There are all sorts of approaches to dealing with this and, unfortunately, I can't really work with you through a forum (or other than in person) in any detail. What you need is... well, what you need. I don't begin to have enough information to know what that is.
Some approaches involve reaching a resolution in yourself about the events. Some involve body work (where you are storing this old content). Some involve the (admittedly bigger) step of getting that your past doesn't define you - you are led by your future, not driven by your past. The future determines your present (but most people react as if their past determines your present).
Which brings me to the big thing, and I'm certain about this: You're anxious because you don't know how to react around other people or what to expect from them - and that's ultimately because you don't know who you are and what you want. You don't trust others when you don't trust yourself. You don't know how you fit or where to stand or how to act.

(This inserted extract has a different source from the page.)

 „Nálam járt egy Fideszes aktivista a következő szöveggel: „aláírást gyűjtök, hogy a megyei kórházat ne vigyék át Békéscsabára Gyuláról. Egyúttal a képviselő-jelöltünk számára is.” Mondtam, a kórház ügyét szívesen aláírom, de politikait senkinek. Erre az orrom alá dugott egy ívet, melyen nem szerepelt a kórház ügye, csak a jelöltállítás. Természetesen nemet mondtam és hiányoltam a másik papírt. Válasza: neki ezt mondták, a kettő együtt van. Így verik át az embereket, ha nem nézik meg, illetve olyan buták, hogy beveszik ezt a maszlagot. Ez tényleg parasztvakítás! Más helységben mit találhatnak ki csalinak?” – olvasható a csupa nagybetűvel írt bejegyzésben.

So, the real answer - which could take a moment of insight or (more commonly) take 5 to 10 years - is to find out who you are and what you're about. Uncover your core identity and discover your True Will, i.e., what force of nature you are.
People live stories. We live bad, tragic, pathetic stories when we don't have a better story to tell about ourselves. Write a great new story.

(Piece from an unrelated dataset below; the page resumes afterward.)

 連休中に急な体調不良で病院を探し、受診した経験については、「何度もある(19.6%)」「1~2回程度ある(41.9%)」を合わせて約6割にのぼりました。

"I do pranayama and daily LBRP practices and I shall add the middle pillar into that. "
I specifically did not mention standard pranayama, because that can increase anxiety symptoms. (Anything resembling hyperventillating or even hyper-attention to controlling breath ties into the autonomic reactions behind anxiety.) I mentioned a specific practice that will bring you, physically and psychologically, to a more mellow, balanced state.
"When it happens its usually starts with anxiety which then leads to the physiological reactions related to
stress all of which adds to the anxiety."Sure. Yes. This ia great thing to know: You feel something in your body that you interpret psychologically, and then you have reactions, and then you make choices that are uncomfortable or later regretted, yes? Is the cycle something like that? (Tune into the body sensations.)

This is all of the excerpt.